I want to store integers in char array ex: 0 up to 1449, I checked other posts and I tried memset, sprinf etc. but either I get gibberish characters or unreadable symbols when I print inside of char array. Can anyone help please?

I checked the duplicate link however I am not trying to print int to char, I want to store int in char array. But I tried buf[i] = static_cast<char>(i); inside for loop but it didn't work. Casting didn't work.

The last one I tried is like this: char buf[1450];

for (int i = 0; i < 1449; i++)
{
    memset(buf, ' '+ i, 1450);
    cout << buf[i];
}

The output is:

Answer 1

You are going to have to explain better what it is you want, because "store integers in char array" is exactly what this code does:

char buf[1450];

for (int i = 0; i < 1450; i++)
{
    buf[i] = static_cast<char>(i);
    std::cout << buf[i];
}

Yes, the output is similar to what your picture shows, but that is also the correct output.

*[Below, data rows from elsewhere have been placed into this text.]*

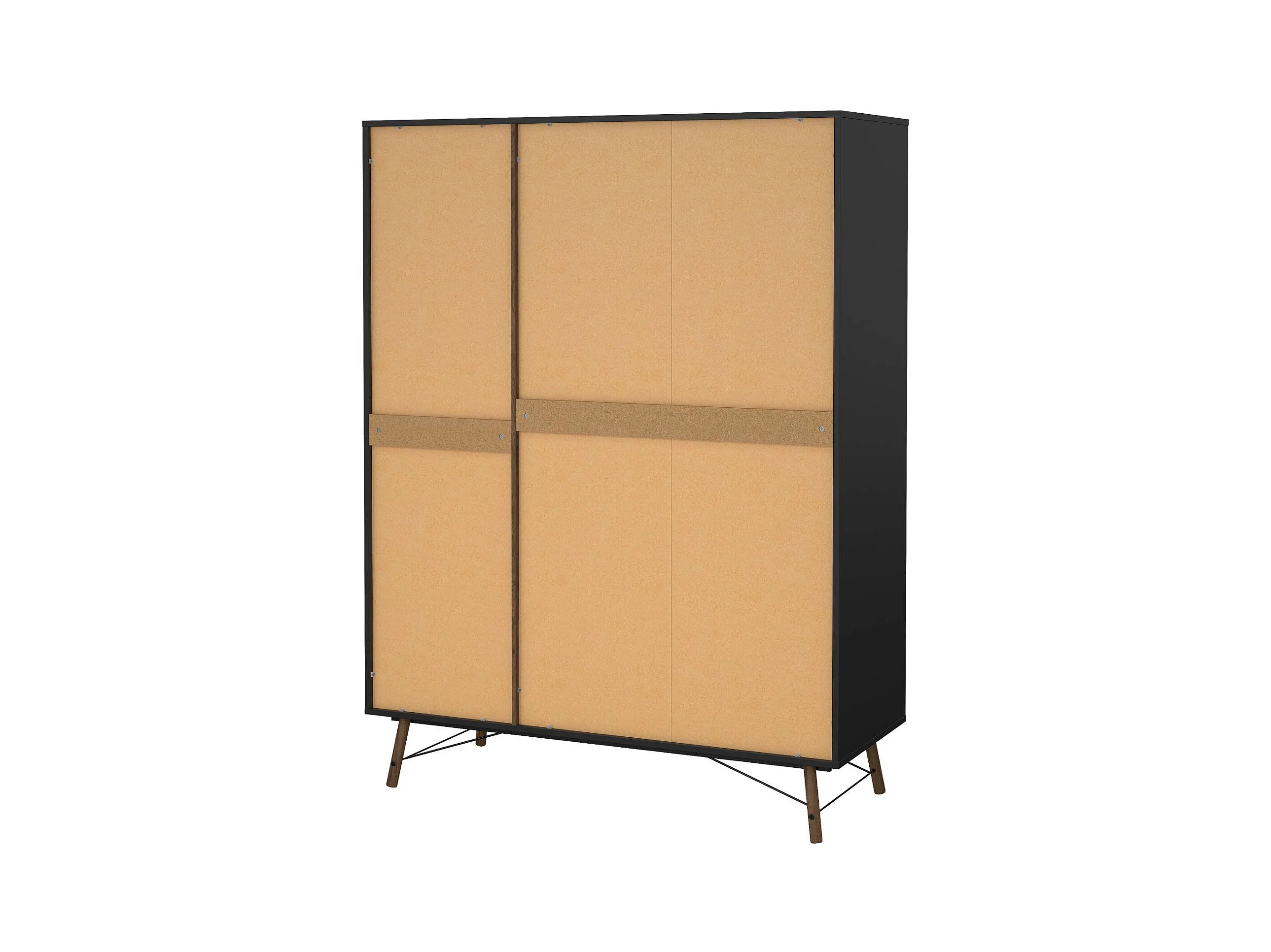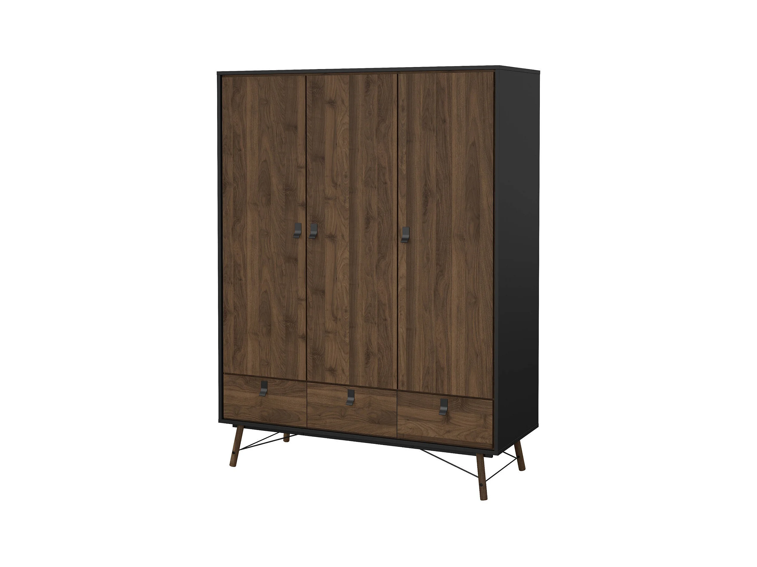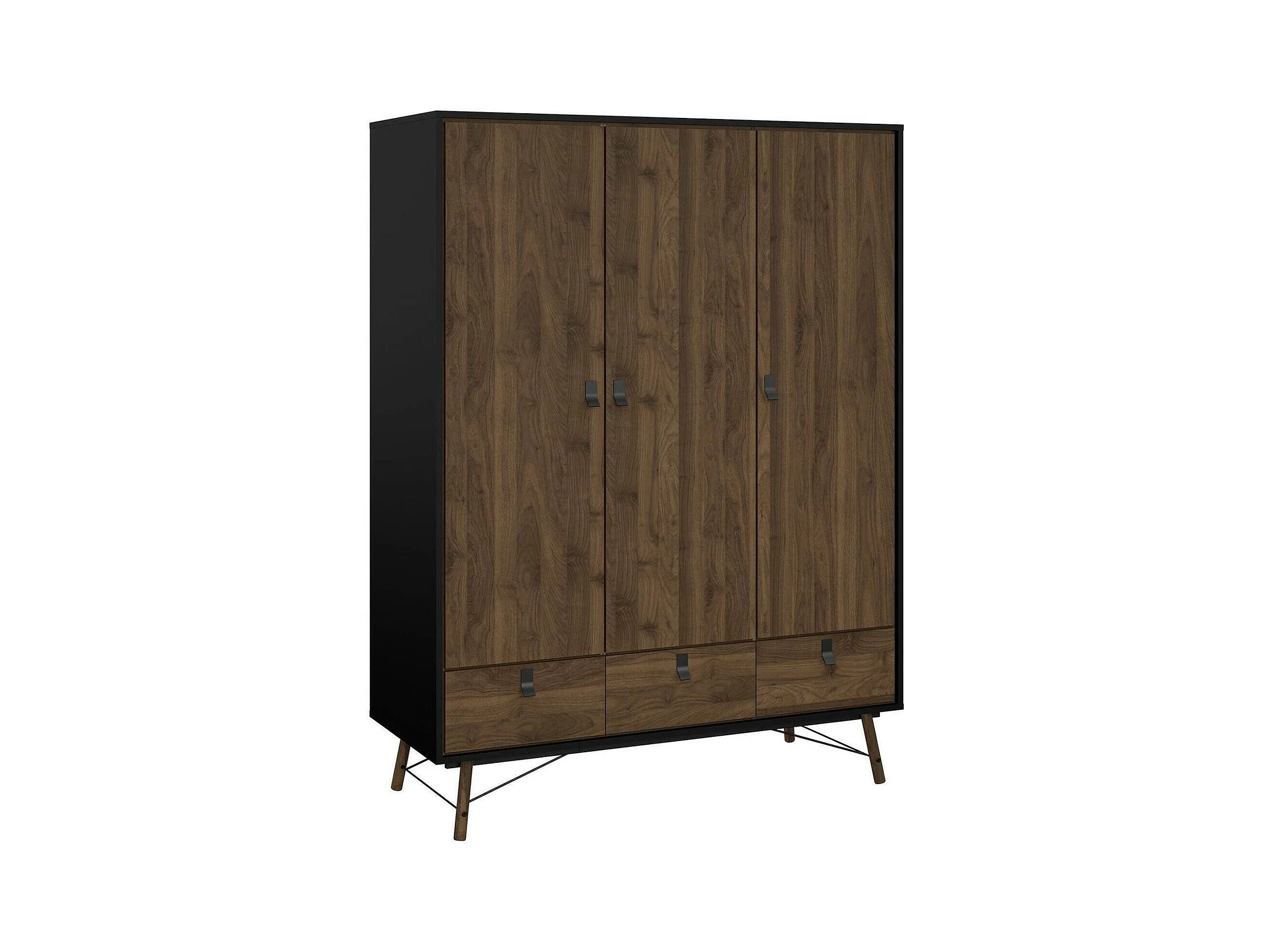 Kleiderschrank 3 Türen Dverdell, Schlafzimmermöbel, Schrank, Garderobe, 150x60 h200 cm, Schwarz und Walnuss
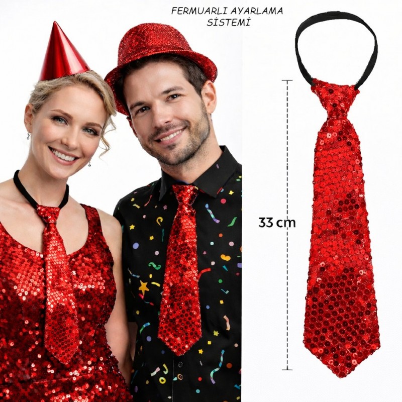 Parlak kırmızı rengi ve göz alıcı pul payet kaplaması ile bu parti kravatı, bulunduğunuz ortamda tüm dikkatleri üzerinize çeker. Işığı yansıtan yüzeyi sayesinde sahne, doğum günü, yılbaşı, konsept parti ve özel organizasyonlarda enerjik bir görünüm sunar. 33 cm ideal uzunluğa sahiptir ve hem kadın hem erkek kullanımına uygundur. Hafif yapısı sayesinde rahatsızlık vermez, gün boyu konforlu kullanım sağlar. Kravatın boyun kısmında bulunan fermuarlı ayarlama sistemi, pratik şekilde takıp çıkarmanıza olanak tanır. Kolay ayarlanır ve sabit durur, kayma yapmaz. Ürün Özellikleri: Renk: Parlak Kırmızı Uzunluk: 33 cm Kaplama: Pul Payet Ayarlama: Fermuarlı Sistem Unisex Kullanım Parti & Organizasyon Aksesuarı
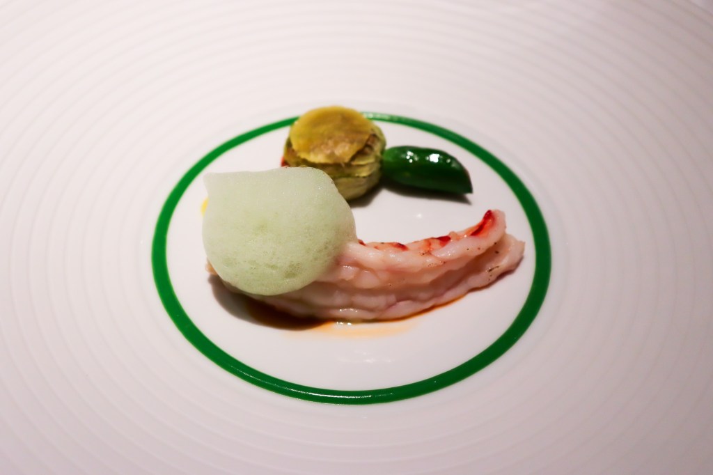 這道前菜是一道明蝦,這道料理十分清香舒服而美味,溫熱但不是熟食的明顯鮮甜可口,這折服我的味蕾。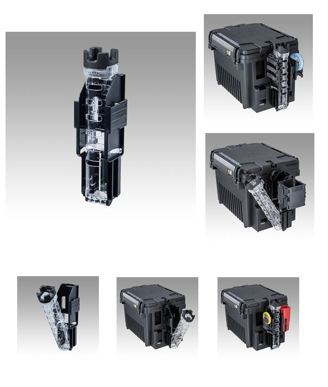 The slide style makes it much easier to change tackles and rearrange knots, and reduces the trouble of the line getting tangled on the tip. In addition, both sides of the stand body are equipped with multi-purpose holders that can be used to mount various optional parts, allowing for a high degree of freedom in customization. The stand hole diameter has been widened to 45mm, making it easy to insert and remove rods.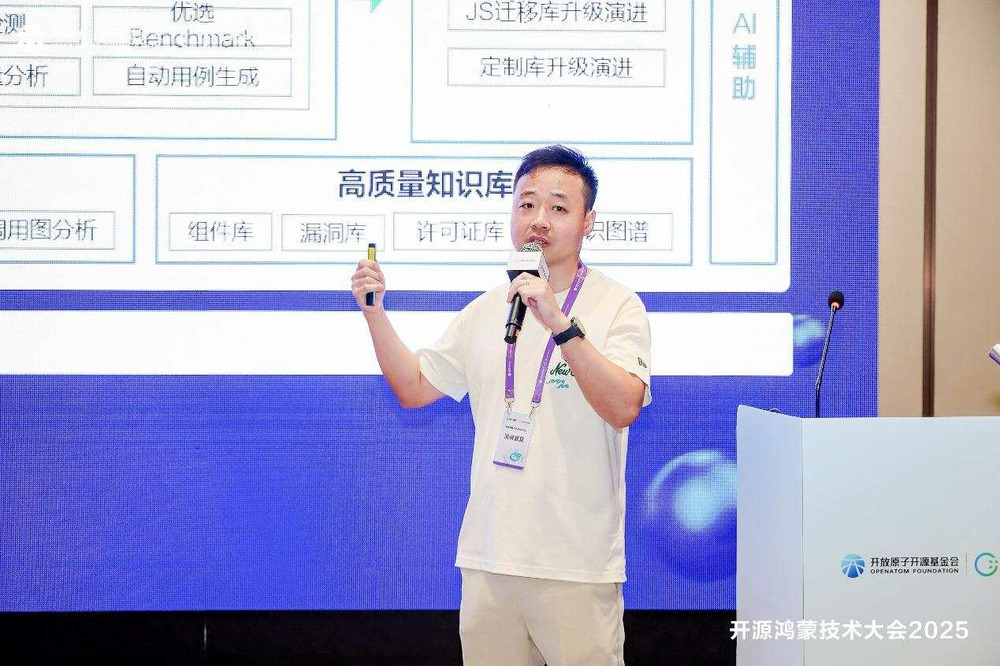 OSS—Compass社区AI工作组组长、华为高级工程师齐国强以“开源之道”为引,介绍了开源社区的核心要素与运作模式,并系统阐释了其生态构成。他指出,学术研究与产业实践对开源的观察视角正日趋融合,数据和评估方法成为共性需求。当前,OSS—Compass社区面向软件制品、人和协作提出三维(生产力、创新力、稳健性)评估体系以及SaaS平台,为社区生态分析、治理提供了科学、可量化的“开源之器”。OSS—Compass社区基于核心能力打造开源鸿蒙跨平台框架及三方库治理和社区体验提升的综合解决方案。后续,社区将在跨平台框架PMC(筹)的指导下,持续承担关键专项。通过开放治理与社区化运作,以技术开发与生态发展的双轮驱动模式,有效提升开源鸿蒙跨平台框架的技术竞争力与社区生态活力。

When you use a debugger to look at buf after the loop, then it does contain: 0, 1, 2, 3, ..., 126, 127, -128, -127, ..., 0, 1, 2, 3, ... and so on, which is the expected contents given that we are trying to put the numbers 0-1449 into an integer type that (in this case*) can contain the range [-128;127].

If this is not the behavior you are looking for (it sounds like it isn't), then you need to describe your requirements in more detail or we won't be able to help you.

(*) Char must be able to contain a character representative. On many/most systems it is 8 bits, but the size is system dependent and it may also be larger.

---

New answer.

Thank you for the clarification, I believe that what you need is something like this:

int32_t before = 1093821061; // Int you want to transmit

uint8_t buf[4];
buf[0] = static_cast<uint8_t>((before >> 0) & 0xff);
buf[1] = static_cast<uint8_t>((before >> 8) & 0xff);
buf[2] = static_cast<uint8_t>((before >> 16) & 0xff);
buf[3] = static_cast<uint8_t>((before >> 24) & 0xff);

// Add buf to your UDP packet and send it
// Stuff...
// After receiving the packet on the other end:

int32_t after = 0;
after += buf[0] << 0;
after += buf[1] << 8;
after += buf[2] << 16;
after += buf[3] << 24;

std::cout << before << ", " << after << std::endl;

Your problem (as I see it), is that you want to store 32bit numbers in the 8bit buffers that you need for UDP packets. The way to do this is to pick the larger number apart, and convert it into individual bytes, transmit those bytes, and then assemble the big number again from the bytes.

The above code should allow you to do this. Note that I have changed types to int32_t and uint8_t to ensure that I know the exact size of my types - depending on the library you use, you may have to use plain int and char types, just be aware that then the exact sizes of your types are not guaranteed (most likely it will still be 32 and 8 bits, but they can change in size if you change compiler or compile for a different target system). If you want you can add some sizeof checks to ensure that your types conform to what you expect.

Answer 2

I'm not sure what you trying to do! You should say your objective.

A char (usually 8 bit) in c++ doesn't hold an int (usually 32 bit), If you want to store an int you should use an int array:

int buf[1500];

The memset(buf, ' '+ i, 1450); will actually write the sum of ' ' ascii number plus i always at beginning of the buffer (buffer address is never incremented).

something like this, maybe is what you want:

int buf[1500] = 0;
for (int i = 0; i < 1449; i++)
{
    buf[i] = i;
    cout << buf[i] << ' ';
}

consider using c++11 containers like std::vector to hold the int or chars, would much safer to use.